- Recorded data -
▼
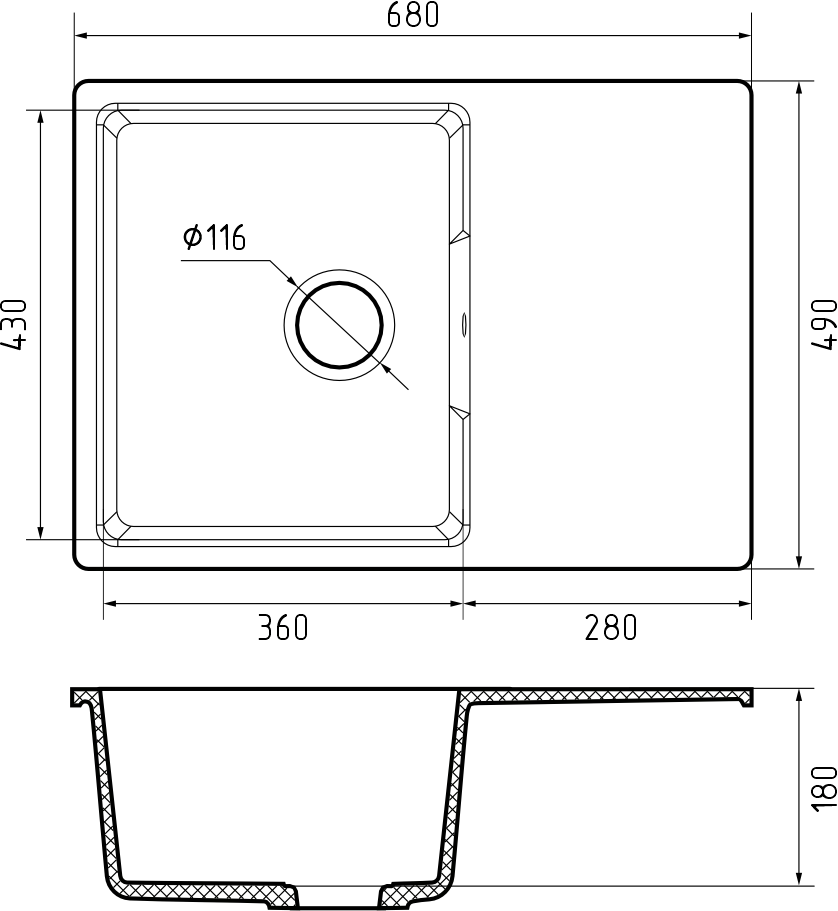 Комплектация: сливная арматура с корзинчатым вентилем (Ø 3.5""/90 мм), тех.паспорт, гарантийный талон."
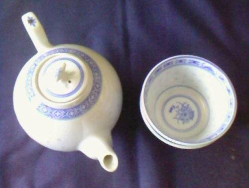 3-pc Oriental tea set in the rice grain pattern, decorated with blue. Consists of small teapot plus 2 cups/bowls. Teapot measures 9.5cm to top of lid. Bowls measure 7.5cm in diameter and 5.5cm in height. Absolutely no damage.
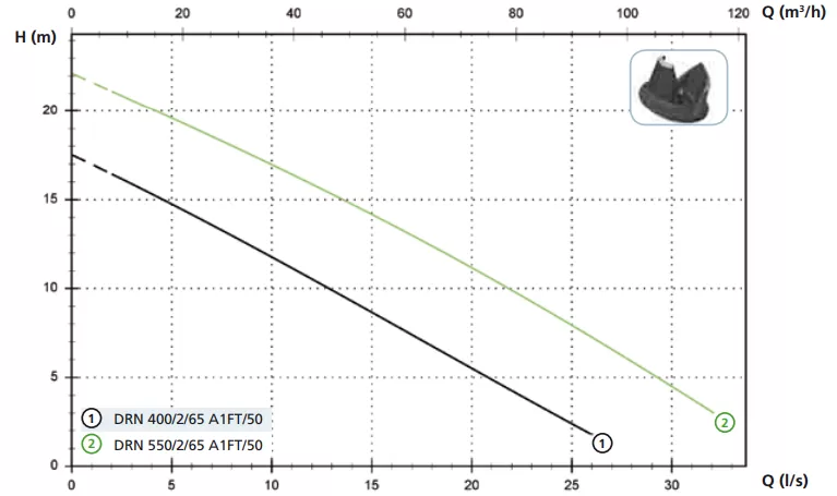 Дренажный погружной электронасос Zenit DRN 550/2/65 создан для применения в промышленности, очистных сооружениях, канализации, сельском хозяйстве и особенно подходит для грязной воды с твердыми взвешенными частицами до 50 мм. В чугунном корпусе смонтированы: электродвигатель, сопряженный с чугунной открытой многоканальной крыльчаткой через два механических уплотнения, размещенные в большой осматриваемой камере с маслом, и защитная система от засорения, предотвращающая механическую блокировку рабочего колеса. Насос откачивает воду (с глубины до 20 м) через горизонтальный фланцевый напорный патрубок типа DN65 PN10-16 - 2 полюса. Гидравлические характеристики: оптимальная рабочая точка 57,6 м3 в час (960 л/мин) при давлении 13,6 м водяного столба. КПД насоса в указанной точке 59 %. Общая величина производительности колеблется от 14,4 до 115,2 м3 в час (от 240,0 до 1920,0 л/минуту), при напоре от 3,1 до 20,1 м водяного столба. Экологический электродвигатель сухого типа, мощностью 4,1 кВт и напряжением 380 В, рассчитан на 30 запусков в час. Вал двигателя имеет специальную бронзовую втулку, совмещенную с коническим валом, которая восстанавливает сопряжение крыльчатки, сохраняя показатели производительности насоса.
▲
- Task objective -
An exact copy of all the data above is required; omit any pictures.

- Output below -
 Комплектация: сливная арматура с корзинчатым вентилем (Ø 3.5""/90 мм), тех.паспорт, гарантийный талон."
 3-pc Oriental tea set in the rice grain pattern, decorated with blue. Consists of small teapot plus 2 cups/bowls. Teapot measures 9.5cm to top of lid. Bowls measure 7.5cm in diameter and 5.5cm in height. Absolutely no damage.
 Дренажный погружной электронасос Zenit DRN 550/2/65 создан для применения в промышленности, очистных сооружениях, канализации, сельском хозяйстве и особенно подходит для грязной воды с твердыми взвешенными частицами до 50 мм. В чугунном корпусе смонтированы: электродвигатель, сопряженный с чугунной открытой многоканальной крыльчаткой через два механических уплотнения, размещенные в большой осматриваемой камере с маслом, и защитная система от засорения, предотвращающая механическую блокировку рабочего колеса. Насос откачивает воду (с глубины до 20 м) через горизонтальный фланцевый напорный патрубок типа DN65 PN10-16 - 2 полюса. Гидравлические характеристики: оптимальная рабочая точка 57,6 м3 в час (960 л/мин) при давлении 13,6 м водяного столба. КПД насоса в указанной точке 59 %. Общая величина производительности колеблется от 14,4 до 115,2 м3 в час (от 240,0 до 1920,0 л/минуту), при напоре от 3,1 до 20,1 м водяного столба. Экологический электродвигатель сухого типа, мощностью 4,1 кВт и напряжением 380 В, рассчитан на 30 запусков в час. Вал двигателя имеет специальную бронзовую втулку, совмещенную с коническим валом, которая восстанавливает сопряжение крыльчатки, сохраняя показатели производительности насоса.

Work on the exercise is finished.